WHAT IS NEEDED:
In the data below, repeat the line containing "Among these, denotes" and every following line exactly, up to and including the last line. Exclude pictures.
START TASK MATERIAL
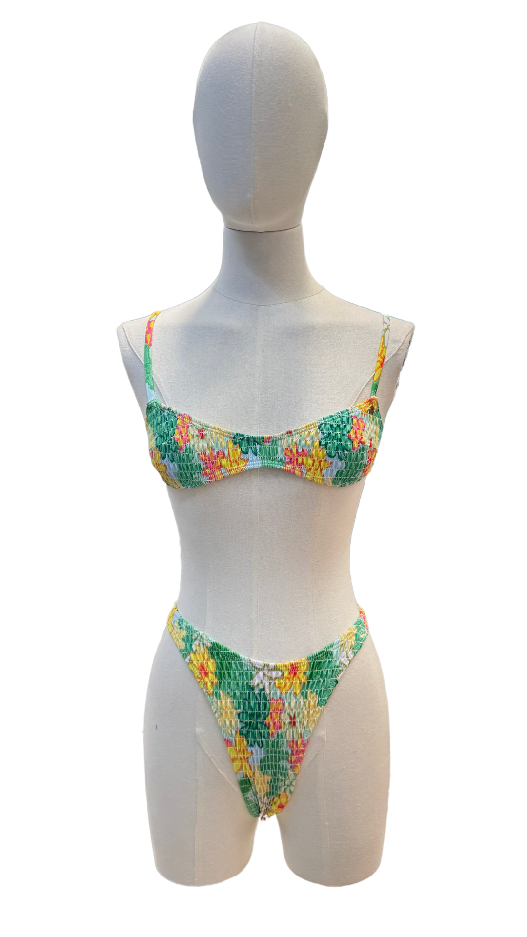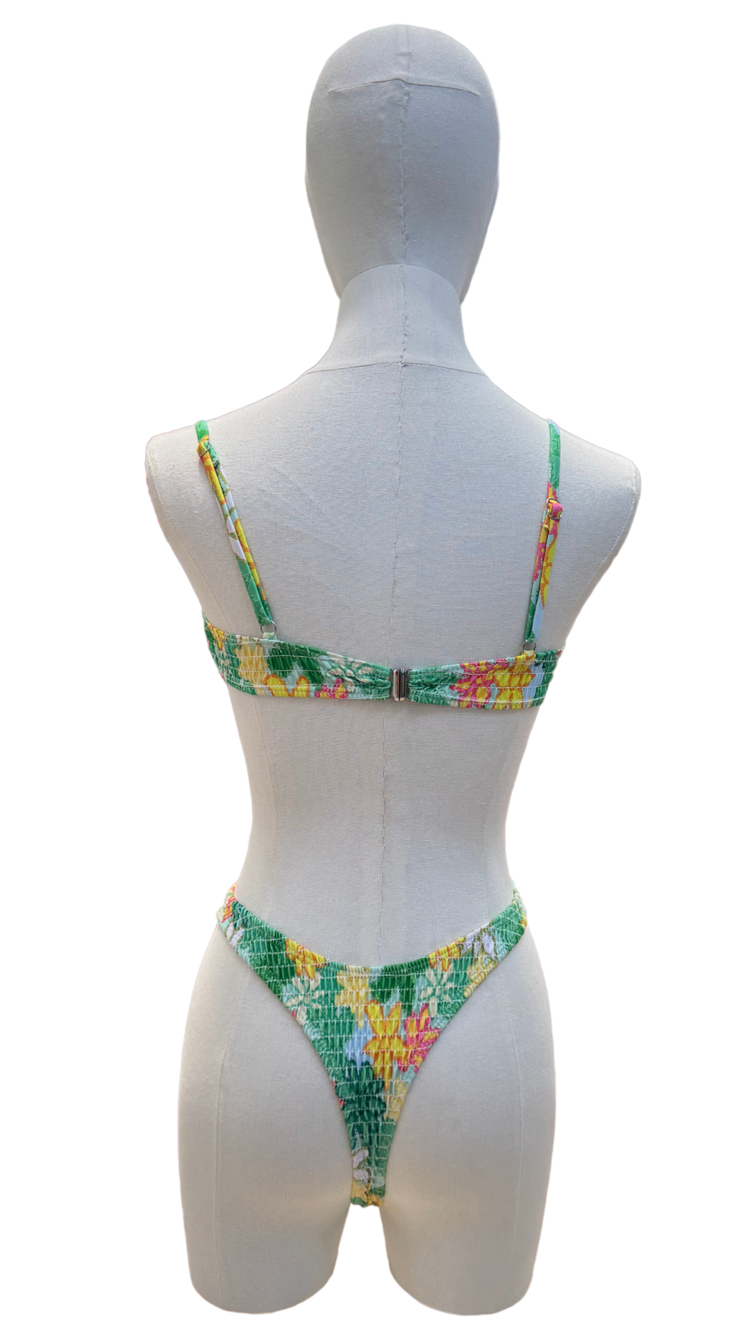 Set bikini de tanga con tela fruncida, estampado tropical, tirantes ajustables.
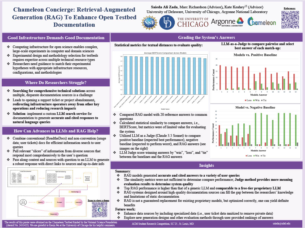Chameleon Concierge uses Retrieval-Augmented Generation to help researchers navigate complex open science testbed documentation. When designing experiments, researchers struggle to find technical solutions across multiple documentation sources, often leading to support tickets or project abandonment. Our custom LLM search service generates accurate, cited responses to natural language queries. Results show RAG models perform comparably to proprietary LLMs while bridging the gap between researcher knowledge and static documentation, improving research productivity and infrastructure operations.
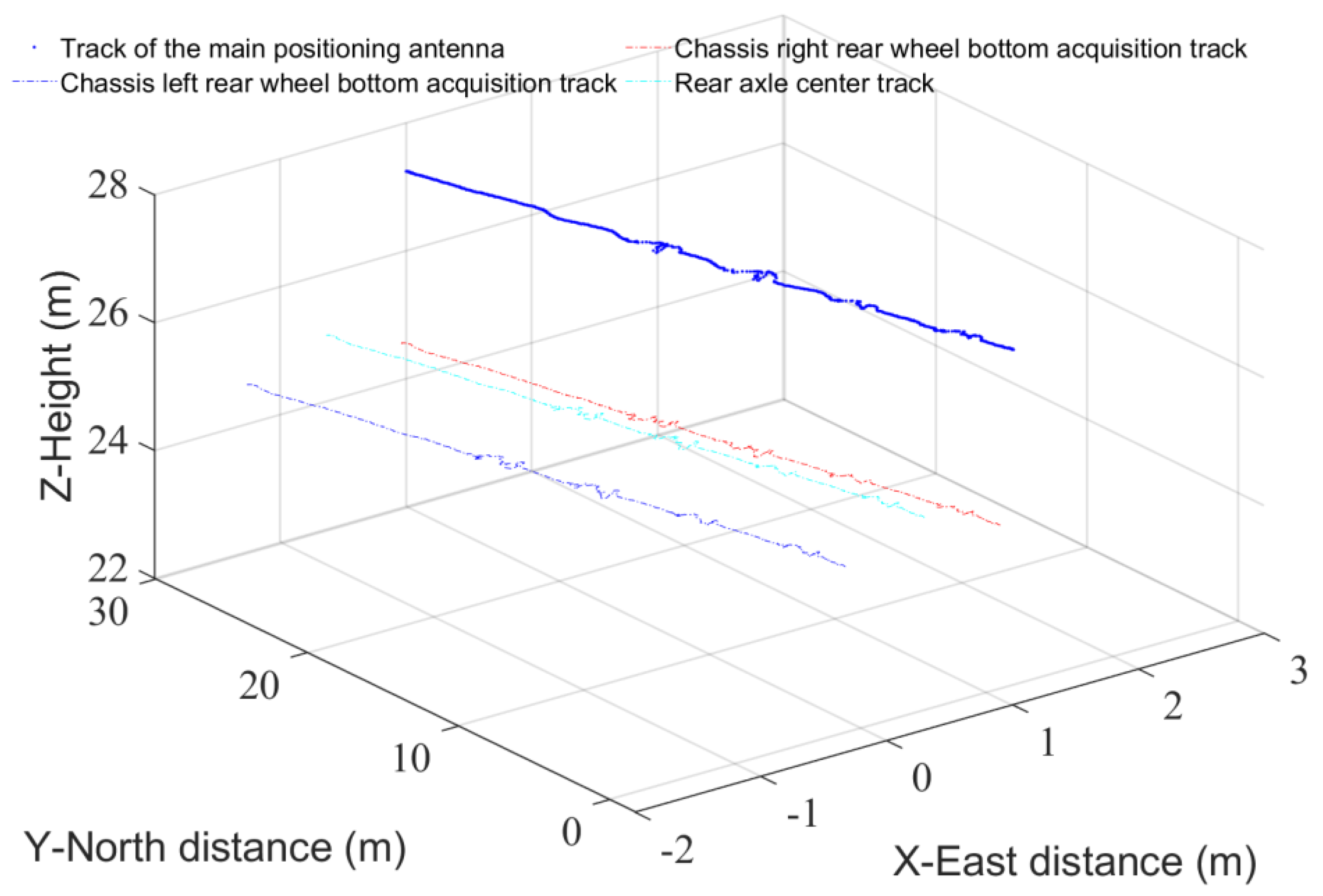 Among these, denotes the distance between the two positioning antennas, represents the distance between the left and right wheel hubs, is the vertical distance from the antenna positioning center point to the right rear wheel hub D, and is the distance projected along the X-axis of the vehicle coordinate system from the antenna positioning center point to the right rear wheel hub D. , , and represent the incremental coordinates of the bottom of the wheel relative to the wheel hub in the x, y, and z directions of the vehicle coordinate system, respectively. denotes the rotation angle of the vehicle coordinate system relative to the local tangent plane coordinate system’s X-axis, and is the wheel diameter.
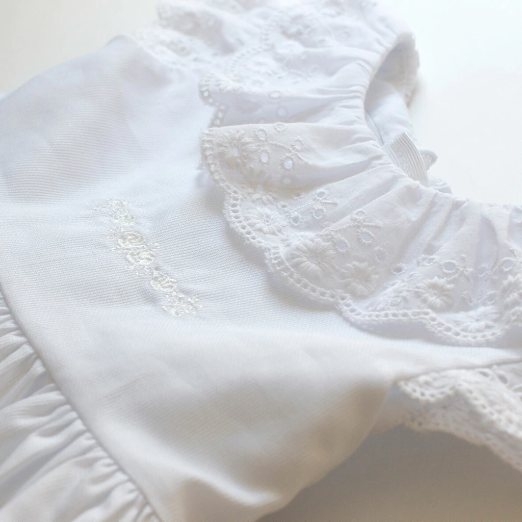 Vestido em tecido fustão 100% algodão com linda gola e manga em bordado inglês 100% algodão. Modelagem clássica e elegante com delicado bordado de flores e lindo laço nas costas. Ideal para batizado e festas.
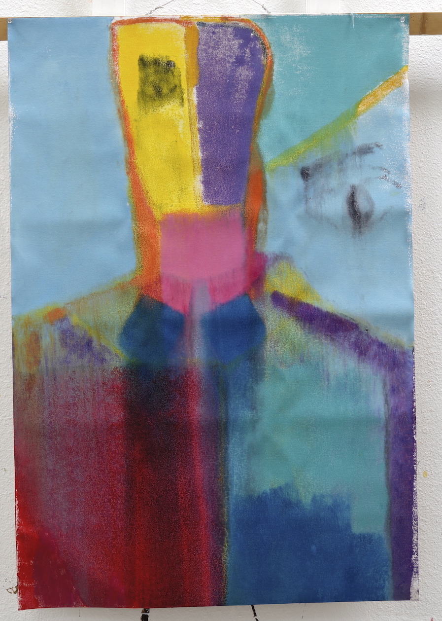 Acrylic painting. Portrait, bust TL to BL. Different areas of face are in different colors. Area of red BR with signature. Nearly parallel blue lines C. Dark tapering line TR to CR near edge of canvas.
END TASK MATERIAL
ANSWER TO THIS TASK:
 Among these, denotes the distance between the two positioning antennas, represents the distance between the left and right wheel hubs, is the vertical distance from the antenna positioning center point to the right rear wheel hub D, and is the distance projected along the X-axis of the vehicle coordinate system from the antenna positioning center point to the right rear wheel hub D. , , and represent the incremental coordinates of the bottom of the wheel relative to the wheel hub in the x, y, and z directions of the vehicle coordinate system, respectively. denotes the rotation angle of the vehicle coordinate system relative to the local tangent plane coordinate system’s X-axis, and is the wheel diameter.
 Vestido em tecido fustão 100% algodão com linda gola e manga em bordado inglês 100% algodão. Modelagem clássica e elegante com delicado bordado de flores e lindo laço nas costas. Ideal para batizado e festas.
 Acrylic painting. Portrait, bust TL to BL. Different areas of face are in different colors. Area of red BR with signature. Nearly parallel blue lines C. Dark tapering line TR to CR near edge of canvas.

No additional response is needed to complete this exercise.